((

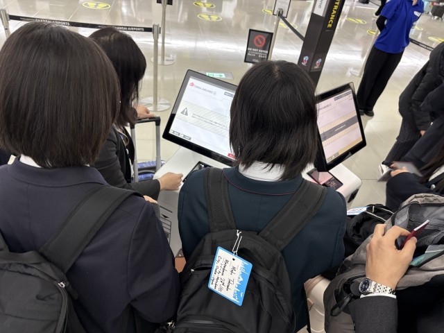 松原市役所を出発し、関西空港に到着しています。出国に向けたさまざまな手続きもまた経験です。
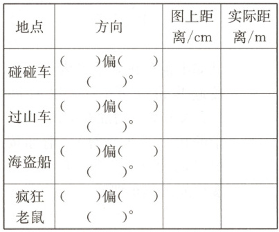 碰碰车:北偏东45° 1.5 150 过山车:南偏东80° 3.5 350 海盗船:南偏西50° 2.5 250 疯狂老鼠:北偏西30° 2 200
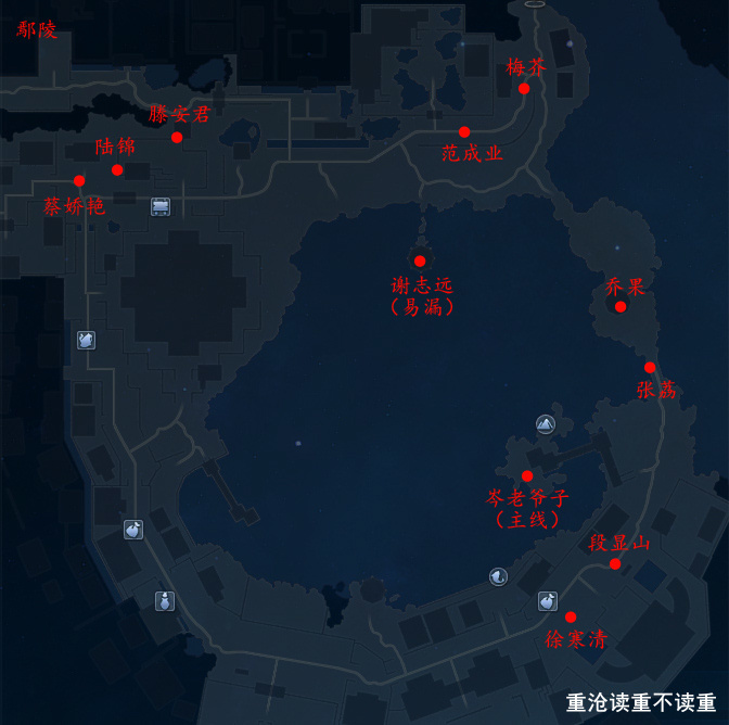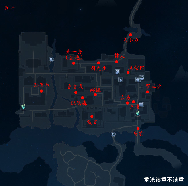可以打牌的角色位置標在下圖了。如果遊戲裏過去沒遇到那就是暫時還沒出現,隨着主線推移都會出現的。
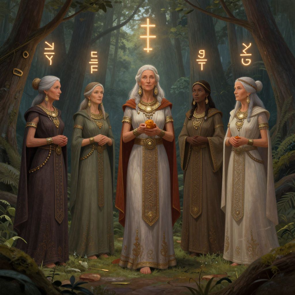 Matriarchy concept portraying a council of wise women elders in an ancient forest, mystical atmosphere with glowing runes, serene expressions, elaborate ceremonial attire, soft ambient light filtering through trees, digital painting with detailed character design and natural elements.
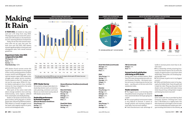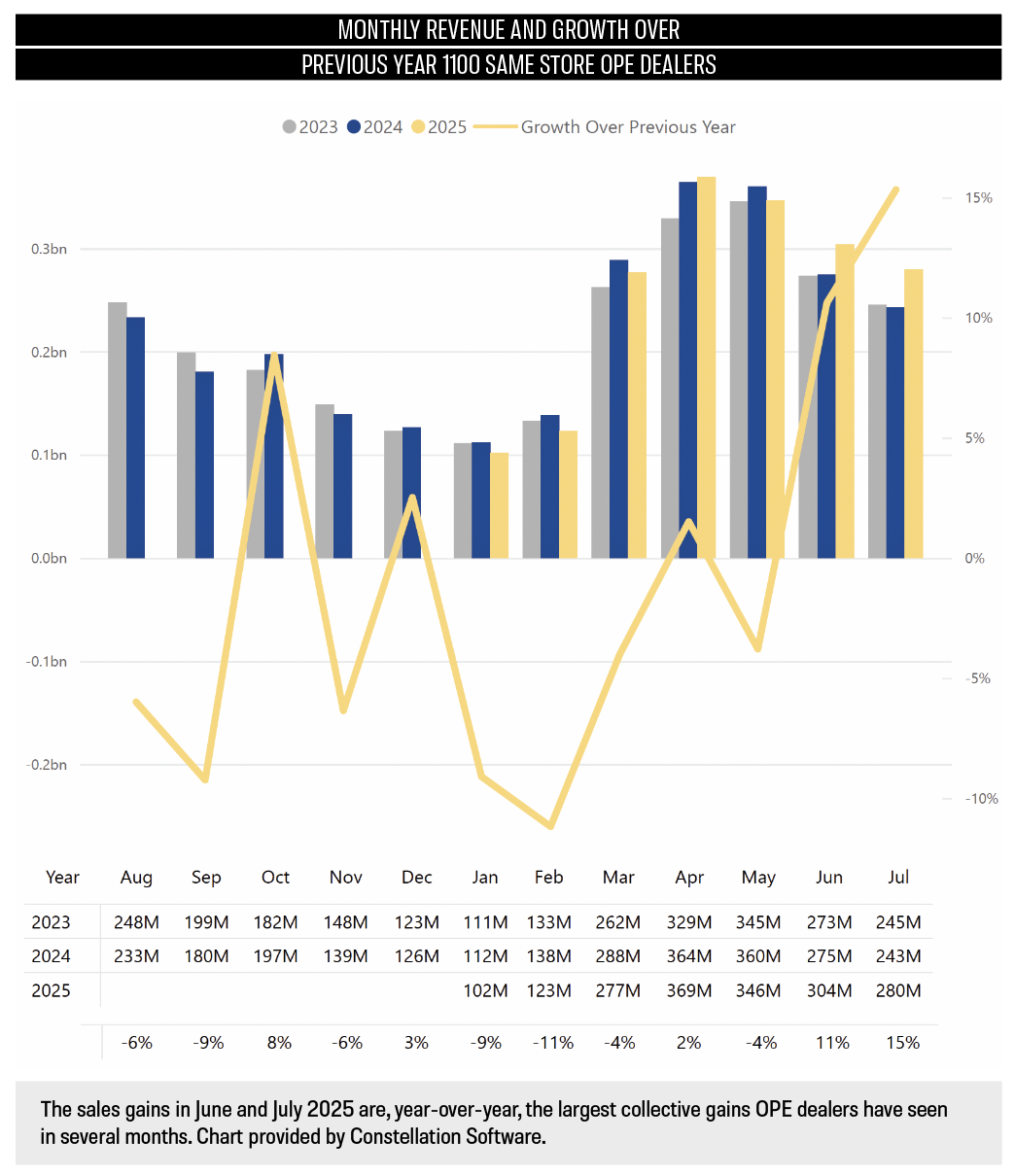 Today, we see that mid-summer same-store sales are up, year over year. For both June and July 2025, OPE dealers showed significant gains in both parts and wholegoods sales, with overall revenue growth too.
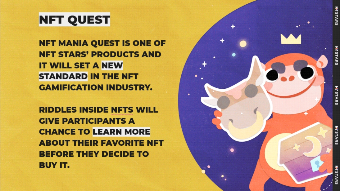 NFT Mania is a gaming platform through which we will integrate gamification into the NFT STARS ecosystem. NFT technology has largely embraced the gaming industry, so gaming will be an important element of the NFT STARS ecosystem. You can determine the potential of implementing gamification into our ecosystem by assessing NFT Mania Quest.
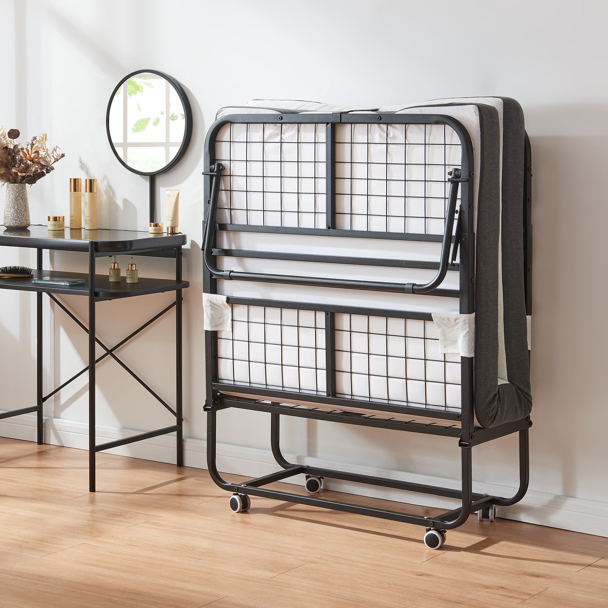 Nach Gebrauch kann das Bett platzsparend zusammengeklappt werden. So lässt es sich problemlos in einer Ecke oder einem Abstellraum verstauen.
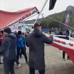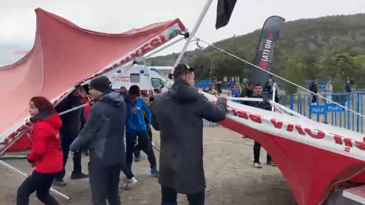 Burdur’un Yeşilova ilçesinde bulunan Salda Gölü’nde yapılan Salda Duatlonu Türkiye Kupası’na şiddetli rüzgar sahne oldu. Rüzgar nedeniyle çadırlar ve demir bariyerle uçarken sporcular zor anlar yaşadı.

))

◆ **Exercise description**:
Restate the entries verbatim and exclude any pictures.

◆ **Response to the exercise**:
 松原市役所を出発し、関西空港に到着しています。出国に向けたさまざまな手続きもまた経験です。
 碰碰车:北偏东45° 1.5 150 过山车:南偏东80° 3.5 350 海盗船:南偏西50° 2.5 250 疯狂老鼠:北偏西30° 2 200
可以打牌的角色位置標在下圖了。如果遊戲裏過去沒遇到那就是暫時還沒出現,隨着主線推移都會出現的。
 Matriarchy concept portraying a council of wise women elders in an ancient forest, mystical atmosphere with glowing runes, serene expressions, elaborate ceremonial attire, soft ambient light filtering through trees, digital painting with detailed character design and natural elements.
 Today, we see that mid-summer same-store sales are up, year over year. For both June and July 2025, OPE dealers showed significant gains in both parts and wholegoods sales, with overall revenue growth too.
 NFT Mania is a gaming platform through which we will integrate gamification into the NFT STARS ecosystem. NFT technology has largely embraced the gaming industry, so gaming will be an important element of the NFT STARS ecosystem. You can determine the potential of implementing gamification into our ecosystem by assessing NFT Mania Quest.
 Nach Gebrauch kann das Bett platzsparend zusammengeklappt werden. So lässt es sich problemlos in einer Ecke oder einem Abstellraum verstauen.
 Burdur’un Yeşilova ilçesinde bulunan Salda Gölü’nde yapılan Salda Duatlonu Türkiye Kupası’na şiddetli rüzgar sahne oldu. Rüzgar nedeniyle çadırlar ve demir bariyerle uçarken sporcular zor anlar yaşadı.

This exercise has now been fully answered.